Uważa się, że wykopaliska rozpoczęto w 1943 roku na polecenie Hitlera. Góry Sowie, znajdujące się wówczas na terenie Niemiec, stanowiły świetną kryjówkę przed aliantami. Zdaniem historyków kompleks mógł służyć jako najbezpieczniejszy i najnowocześniejszy schron Hitlera – w przypadku bombardowania pozostałby nienaruszony.

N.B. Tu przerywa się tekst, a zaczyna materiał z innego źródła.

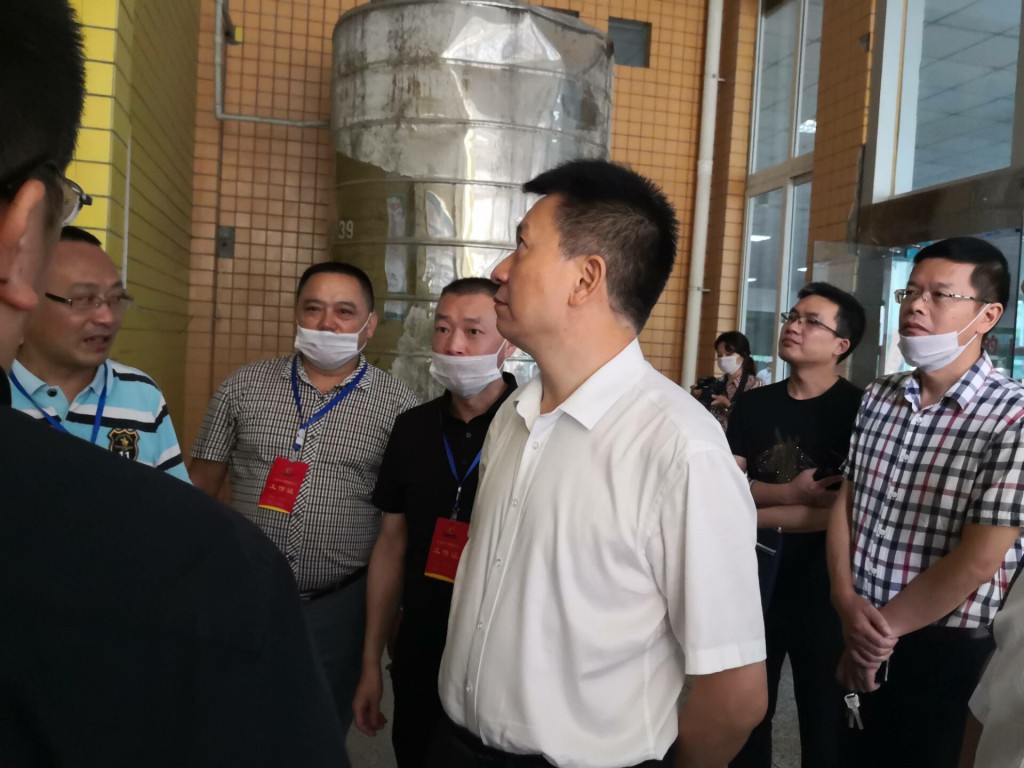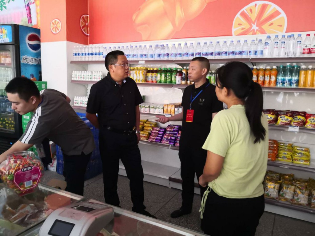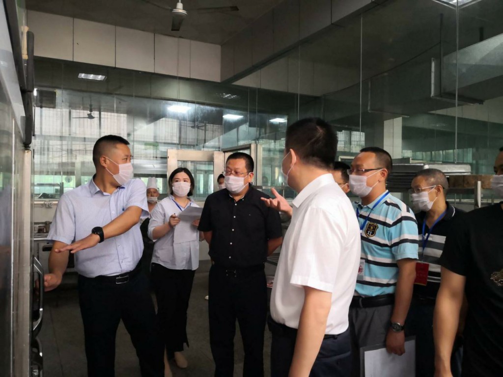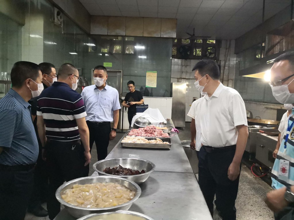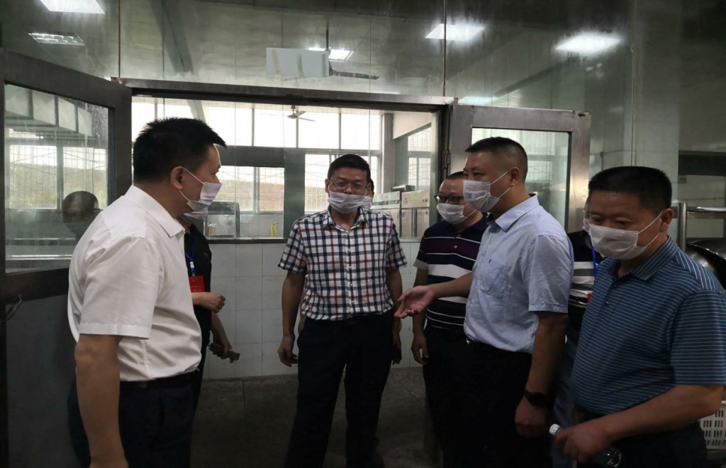 2019年9月4日,市市管局和市教体局联合检查组在市市管局肖局长、龙局长和市教体局蔡局长的带领下,来校进行食品安全专项检查。县市管局李天乾局长、县教体局李浪副局长、学校李隆全校长陪同检查。

Jednak nie jest to jedyna teoria… Mówi się również, że ogromne hale, których przeznaczenia do tej pory nie udało się zbadać, mogły służyć za fabryki tajnej broni, jak np. rakiety V1 i V2, a znajdujące się w sąsiedztwie złoża rud uranu sugerują, że to właśnie tutaj mogła powstać cudowna broń Rzeszy, czyli broń jądrowa. Przeznaczenia tych tajemniczych korytarzy, okupionych śmiercią dziesiątek tysięcy żydowskich więźniów, jest wciąż mało znane i zapewne nigdy nie poznamy. Dowiedziawszy się o zbliżających się rosyjskich wojskach, Niemcy w popłochu zabili większość więźniów i zniszczyli wszelką dokumentację i plany.